No percentual supracitado, a diversidade étnica é garantida no acesso às
vagas em universidades a ambos os grupos, egressos do ensino público e privado,
não pessoalizando por fatores genotípicos; logo, tem-se respeitada a isonomia,
onde se trata os iguais com igualdade e os desiguais com desigualdade,
buscando-se equivalência.
Das divergências jurisprudenciais, temos no Tribunal Regional Federal da
4ª Região, em decisão não unânime, interessante voto do Juiz Márcio Antônio
Rocha, cujo entendimento se fundamenta na inconstitucionalidade das Cotas
aplicadas a afrodescendentes, porquanto tal critério vai de encontro ao
disposto em artigo 3º, IV, e artigo 5º “caput” da Constituição Federal, onde é
vedada qualquer discriminação baseada em preceitos com base em cor ou raça dos
cidadãos.
Já nos tribunais regionais federais das 2ª, 5ª e, em parte, 4ª regiões,
entende-se no sentido de que a isonomia condiz com as ações afirmativas,
independente de se tratar de afrodescendentes ou de egressos do ensino público,
pois se busca tratar com igualdade os iguais e desigualdade os desiguais na
sociedade, tendo-se fundamentações assentem na Lei N.º 9.394/96 e nos artigos
5º e 207 da Constituição Federal
CONCLUSÃO
O Poder Executivo tem liberdade para escolher a política pública que
considerar adequada para promover a igualdade social[3].
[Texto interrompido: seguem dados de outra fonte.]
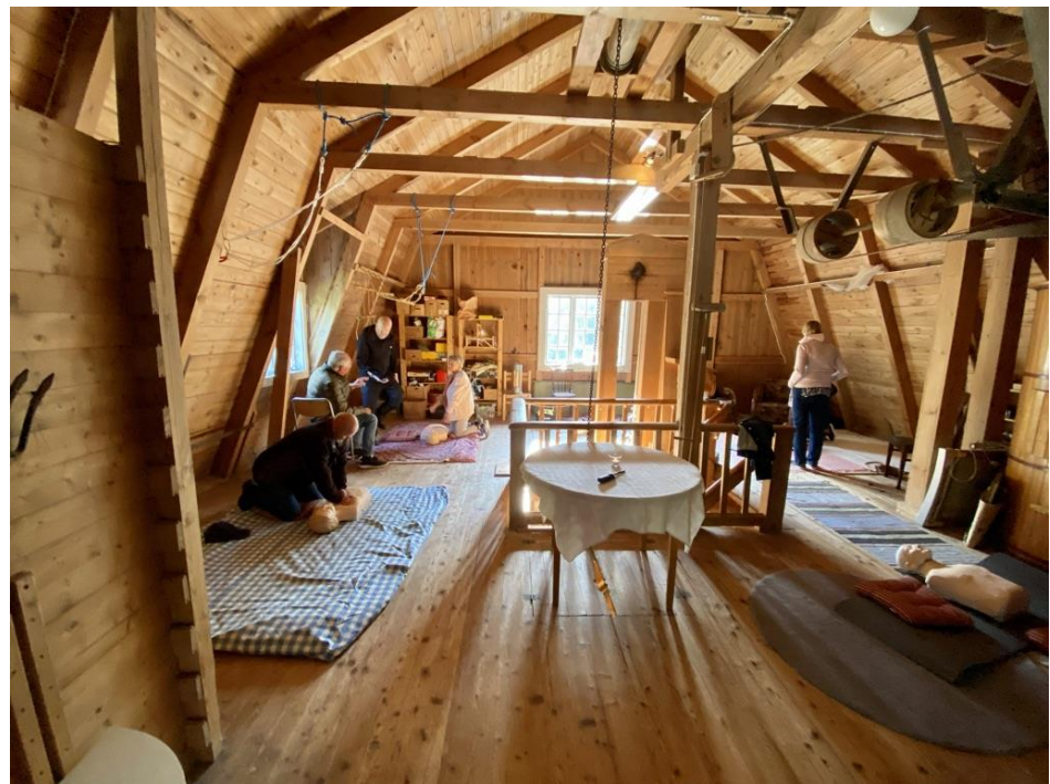
HLR-träning för grannar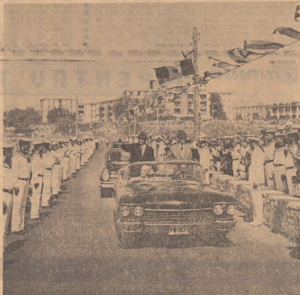
Marinarii, în elegantă ținută militară, fac o entuziastă primire conducătorilor de partid și de stat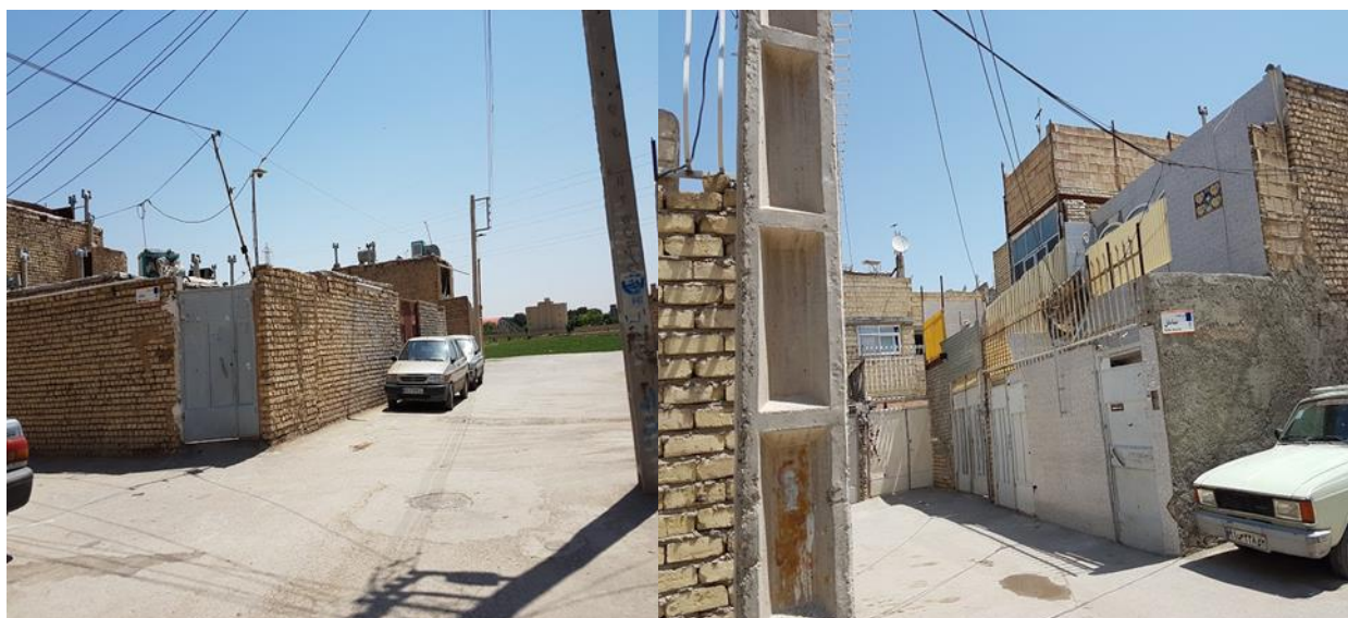
شکل (۲): وضعیت کالبدی مسکن در سکونتگاه های غیر رسمی منطقه ۱۴ اصفهان، مأخذ: برداشت های میدانی پژوهشگران، ۱۳۹۸

جدول (۷): برآورد آزمون t تک نمونه‌ای جهت مقایسه معنی داری هر یک از عوامل در پرسشنامه تاثیر بر کیفیت و رفاه شهروندان بر مبنای زیست پذیری شهری

A ele cabe decidir o momento e a forma de aplicação de tais políticas. Dentre as
opções, há a possibilidade de programas de discriminação positiva. O mesmo vale
para a administração universitária, que possui autonomia para determinar as
formas de acesso. A discussão no judiciário é se cotas para negros é forma de
política de discriminação positiva ou somente política de discriminação.
O Supremo Tribunal Federal deu sua decisão no dia 26 de abril de 2012, porém, isso não significa que o debate tenha encerrado.